7 Largest AI Models Ever Trained by Parameter Count

7 Largest AI Models Ever Trained by Parameter Count

Ranking the seven largest AI models by parameter count, from Switch Transformer (1.6T) to GPT-3 (175B), with specs and training compute.

6 min. čítaniaAktualizované 6/2026
Elena Vasquez
Elena Vasquez

The largest AI models ever trained now reach over one trillion parameters, pushing the boundaries of language understanding, reasoning, and generation. This guide ranks the seven biggest models by confirmed parameter count, with details on architecture, training compute, and publication date — figures are based on publicly available data as of early 2026 and may have changed.

1. Switch Transformer (1.6 Trillion Parameters)

Google’s Switch Transformer, introduced in January 2022, remains the largest confirmed dense model — but it achieves its scale through mixture-of-experts (MoE) design, where only a fraction of parameters are active per inference. It uses 1.6 trillion total parameters with a top-1 routing mechanism, selecting one of 2048 experts per token. Switch Transformer achieved a 4x speedup in training over previous MoE models while maintaining competitive perplexity on C4 and SuperGLUE benchmarks. Despite its size, inference is feasible because only about 9.5 billion parameters are activated per token.

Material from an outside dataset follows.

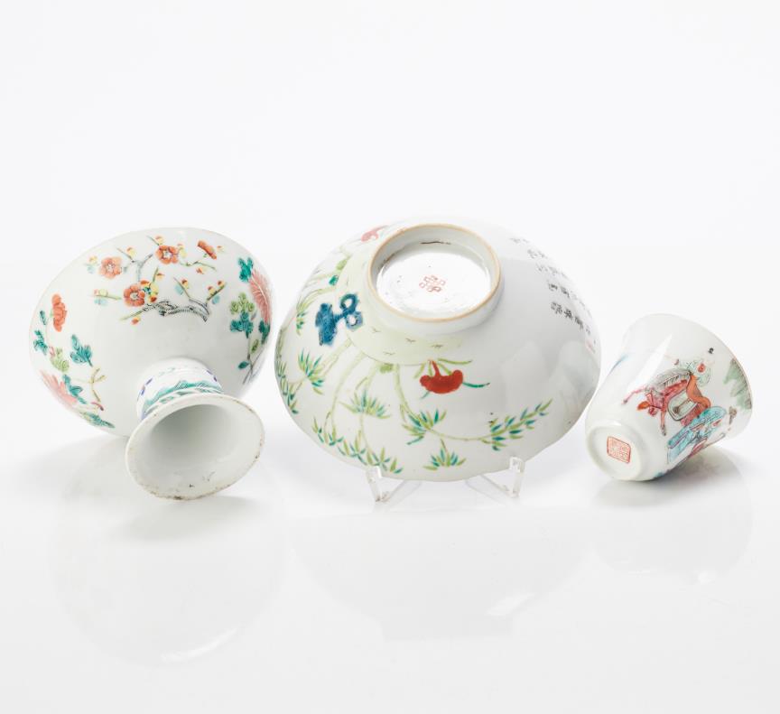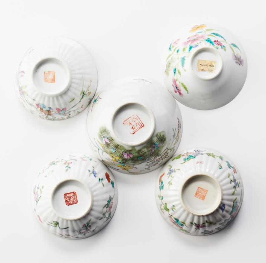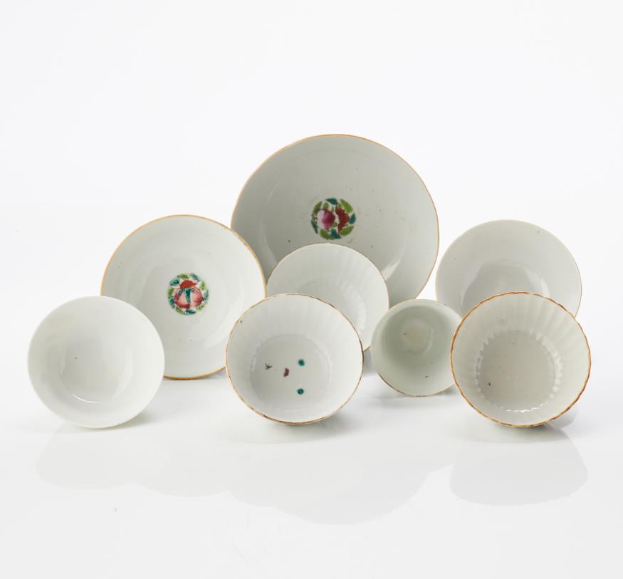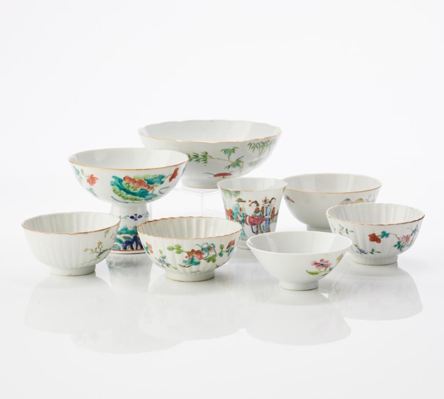 bowls, eight pieces Porcelain. China, late Qing (1644–1912). Decoration of figure scenes in garden landscape and flowers in famille rose. H 4.5–10.2 cm. CONDITION REPORT Wear and tear. Three bowls with nag. A bowl with crack. 78999
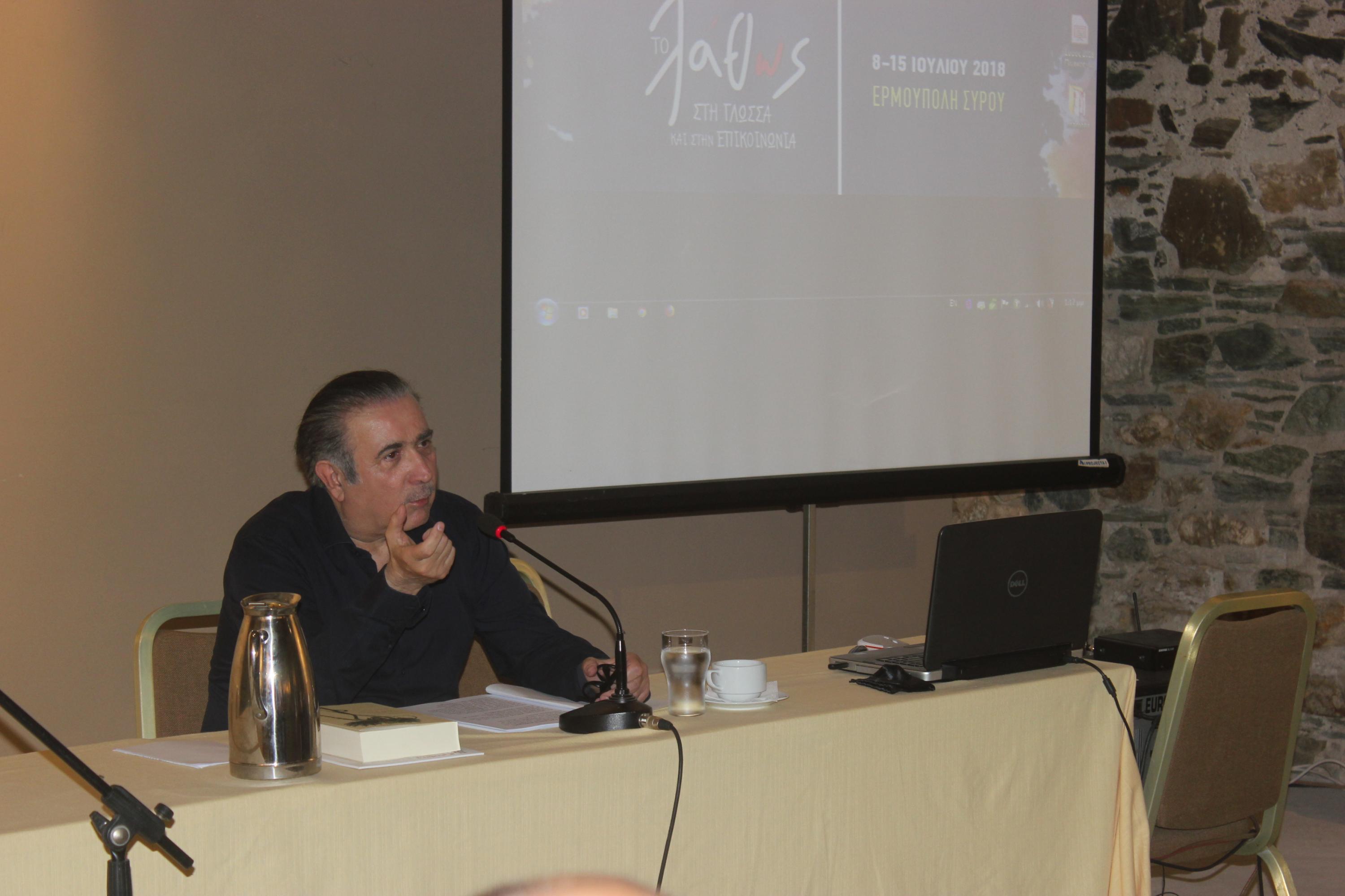 Αμέσως μετά τη θερμή υποδοχή που του επεφύλαξαν στην Πινακοθήκη Κυκλάδων διοργανωτές, συμμετέχοντες ακαδημαϊκοί και φοιτητές, ο δημοφιλής ηθοποιός και σατιρικός συγγραφέας ανέλυσε το βάθος του προβλήματος, τη χρησιμότητα του ψεύδους για την ανάδειξη της μετριότητας και την επιβολή της ανηθικότητας στο παγκόσμιο σύστημα και επίσης, πώς μια κοινωνία ανέχεται σήμερα να υπάρχει ένας πληθυσμός ανθρώπων, όσος των Ηνωμένων Πολιτειών, οι οποίοι να διαθέτουν ψεύτικο προφίλ.

2. GLaM (1.2 Trillion Parameters)

Google’s Generalist Language Model (GLaM), described in a December 2021 paper, packs 1.2 trillion parameters across 64 experts using MoE architecture. GLaM was trained on 1.6 trillion tokens from web pages, books, and news, and achieved strong zero-shot and one-shot results across 29 NLP tasks. Despite having 7× more parameters than GPT-3, GLaM required only 1/3 of the training energy due to its sparse activation. The model was never publicly released, but its architecture influenced later MoE designs.

3. PaLM (540 Billion Parameters)

Google’s Pathways Language Model (PaLM), announced in April 2022, is a dense 540-billion-parameter transformer trained on 780 billion tokens. PaLM used a 6,144 TPU v4 chip cluster and demonstrated few-shot reasoning breakthroughs on BIG-bench, mathematical problem-solving (GSM8K), and code generation (HumanEval). Its scaling curve showed that larger models continue to benefit from increased training data. PaLM was later succeeded by PaLM 2 (which has an undisclosed parameter count) and eventually Gemini.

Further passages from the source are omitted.